La scorsa settimana Papa Pio XI - Divini Redemptoris (15 maggio 1931) - ci ha spiegato le principali differenze fra Comunismo e Socialismo, le intrinseche incompatibilità col Cattolicesimo, concludendo con la sentenza: «Nessuno può essere buon cattolico e contemporaneamente vero socialista». Alcuni sostengono che il Socialismo, rispetto alla lotta di classe ed alla proprietà privata, sia realmente così mitigato e corretto da non aver più nulla che gli si possa rimproverare.

Risponde il Pontefice: «Ha con ciò forse rinunziato ai suoi princìpi, alla sua natura contraria alla religione cristiana? Qui sta il punto, su cui molte anime si trovano esitanti. E non pochi sono pure i cattolici, i quali ben conoscendo come i princìpi cristiani non possono essere né abbandonati, né cancellati, sembrano rivolgere lo sguardo a questa Santa Sede e domandare con ansia, che decidiamo se questo Socialismo si sia ricreduto dei suoi errori a tal segno, che senza pregiudizio di nessun principio cristiano, si possa ammettere e in qualche modo battezzare».

Arriva un’altra sentenza: «Ora per soddisfare, secondo la Nostra sollecitudine paterna, a questi desideri, proclamiamo che il Socialismo - sia considerato come dottrina, sia considerato come fatto storico, sia come “azione” - non può conciliarsi con gli insegnamenti della Chiesa cattolica. Giacché il suo concetto della società è quanto può dirsi opposto alla verità cristiana».

Spiega: 1) Secondo la dottrina cristiana, «il fine per cui l’uomo, dotato di una natura socievole, si trova su questa terra, è questo che, vivendo in società e sotto un’autorità sociale ordinata da Dio (cfr. Rom., 13,1), coltivi e svolga pienamente tutte le sue facoltà a lode e gloria del Creatore; e adempiendo fedelmente i doveri della sua professione o della sua vocazione, qualunque sia, giunga alla felicità temporale ed insieme alla eterna». Il Socialismo al contrario, «ignorando o trascurando del tutto questo fine sublime, sia dell’uomo come della società, suppone che l’umano consorzio non sia istituito se non in vista del solo benessere».

2) I socialisti deducono che «l’attività economica, nella quale essi considerano solamente il fine materiale, deve per necessità essere condotta socialmente.
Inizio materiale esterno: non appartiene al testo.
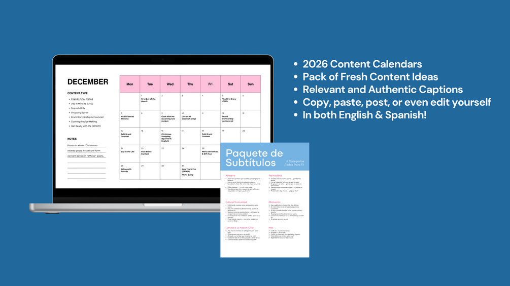 Take the stress out of content planning! The Bilingual Creator Kit is designed for Hispanic and bilingual voices who want to grow their online presence with ease, clarity, and confidence—in both English and Spanish.
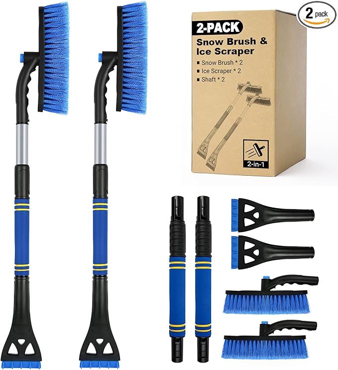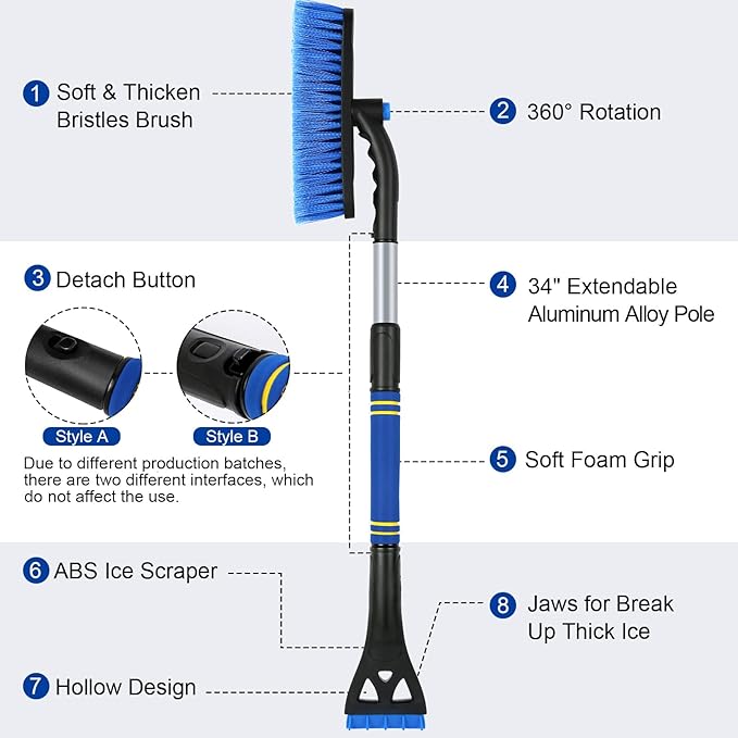 - EASY TO STORE AND SPACE-SAVING: The ice scrapers for car windshields can be easily detached into 3 parts- squeegee/ bristle head snow brush (360° pivoting), ice scraper, and telescoping extender. It can be kept in the car and only occupies a small space. The pole is made of aluminum alloy, durable for a long-term use. Wrapped with soft-to-touch foam, it keeps a lot of the icy cold off your hands while providing extra comfort

E da siffatta necessità, secondo essi, deriva che gli uomini sono costretti, per ciò che riguarda la produzione, a sottomettersi interamente alla società; anzi, il possedere una maggiore abbondanza di ricchezze che possa servire alle comodità della vita, è stimato tanto che gli si debbono posporre i beni più alti dell’uomo, specialmente la libertà, sacrificandoli tutti alle esigenze di una produzione più efficace».

3) Questo pregiudizio dell’ordinamento “socializzato” della produzione portato alla dignità umana: «Essi credono che sarà largamente compensato dall’abbondanza dei beni, che gli individui ne ritrarranno per poterli applicare alle comodità e alle convenienze della vita secondo i loro piaceri. La società dunque, qual è immaginata dal Socialismo, non può esistere né concepirsi disgiunta da una costrizione veramente eccessiva, e d’altra parte resta in balia di una licenza non meno falsa, perché mancante di una vera autorità sociale: poiché questa non può fondarsi sui vantaggi temporanei e materiali, ma solo può venire da Dio Creatore e fine ultimo di tutte le case». Pio XI ha appena citato la Diuturnum di Leone XIII (9 giugno 1881).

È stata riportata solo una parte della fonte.